*** Given material

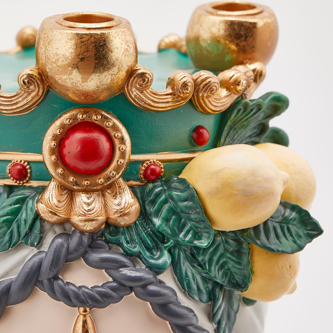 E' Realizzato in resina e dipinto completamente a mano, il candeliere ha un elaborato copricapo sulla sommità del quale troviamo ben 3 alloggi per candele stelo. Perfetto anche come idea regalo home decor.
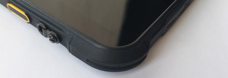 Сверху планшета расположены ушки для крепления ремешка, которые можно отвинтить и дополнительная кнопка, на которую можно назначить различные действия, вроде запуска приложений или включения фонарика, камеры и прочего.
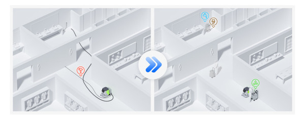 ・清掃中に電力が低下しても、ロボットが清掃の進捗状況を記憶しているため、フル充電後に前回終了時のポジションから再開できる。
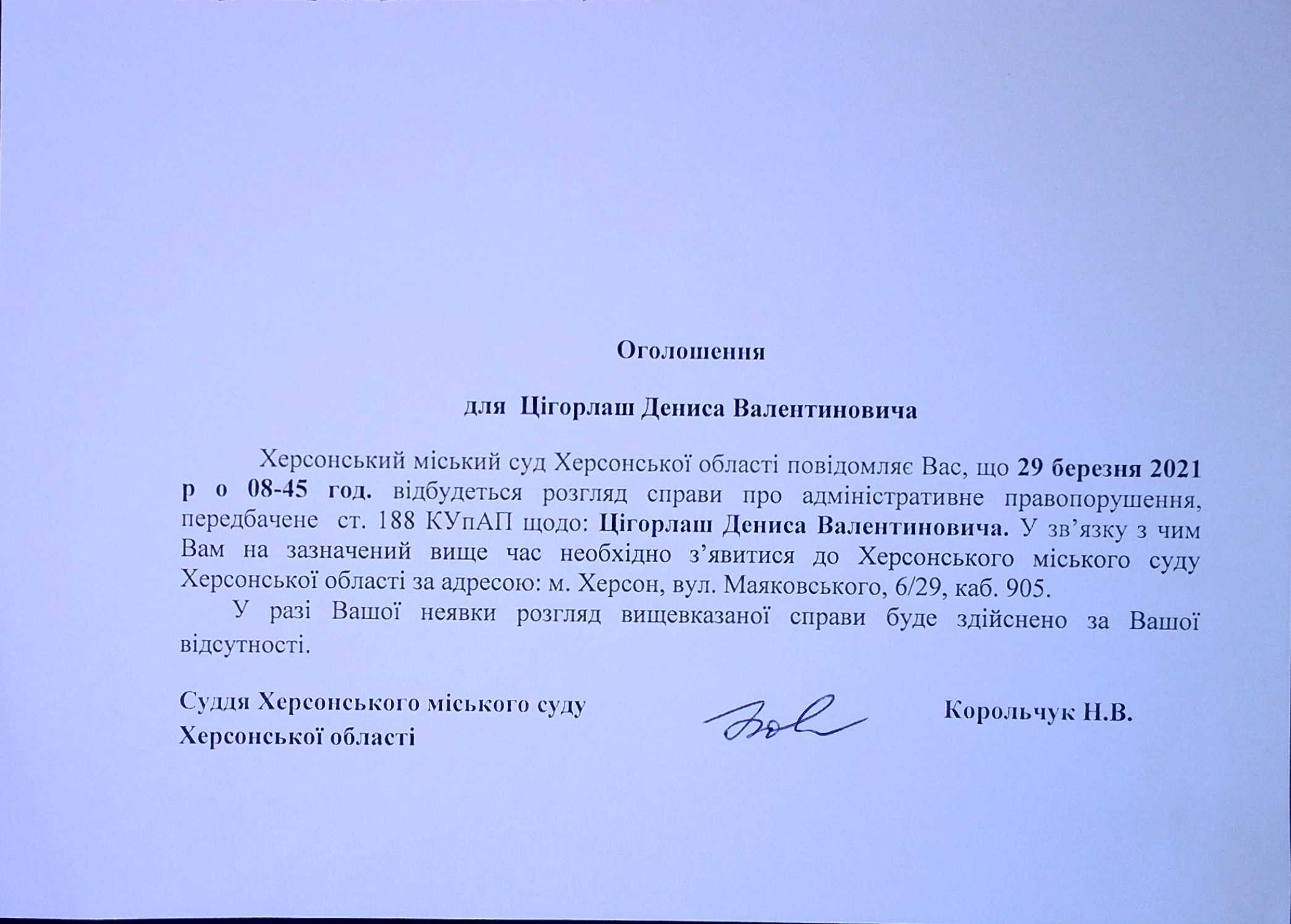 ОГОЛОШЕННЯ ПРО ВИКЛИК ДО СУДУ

******

What is needed:
With images omitted, output the data exactly as given.

Expected answer:
 E' Realizzato in resina e dipinto completamente a mano, il candeliere ha un elaborato copricapo sulla sommità del quale troviamo ben 3 alloggi per candele stelo. Perfetto anche come idea regalo home decor.
 Сверху планшета расположены ушки для крепления ремешка, которые можно отвинтить и дополнительная кнопка, на которую можно назначить различные действия, вроде запуска приложений или включения фонарика, камеры и прочего.
 ・清掃中に電力が低下しても、ロボットが清掃の進捗状況を記憶しているため、フル充電後に前回終了時のポジションから再開できる。
 ОГОЛОШЕННЯ ПРО ВИКЛИК ДО СУДУ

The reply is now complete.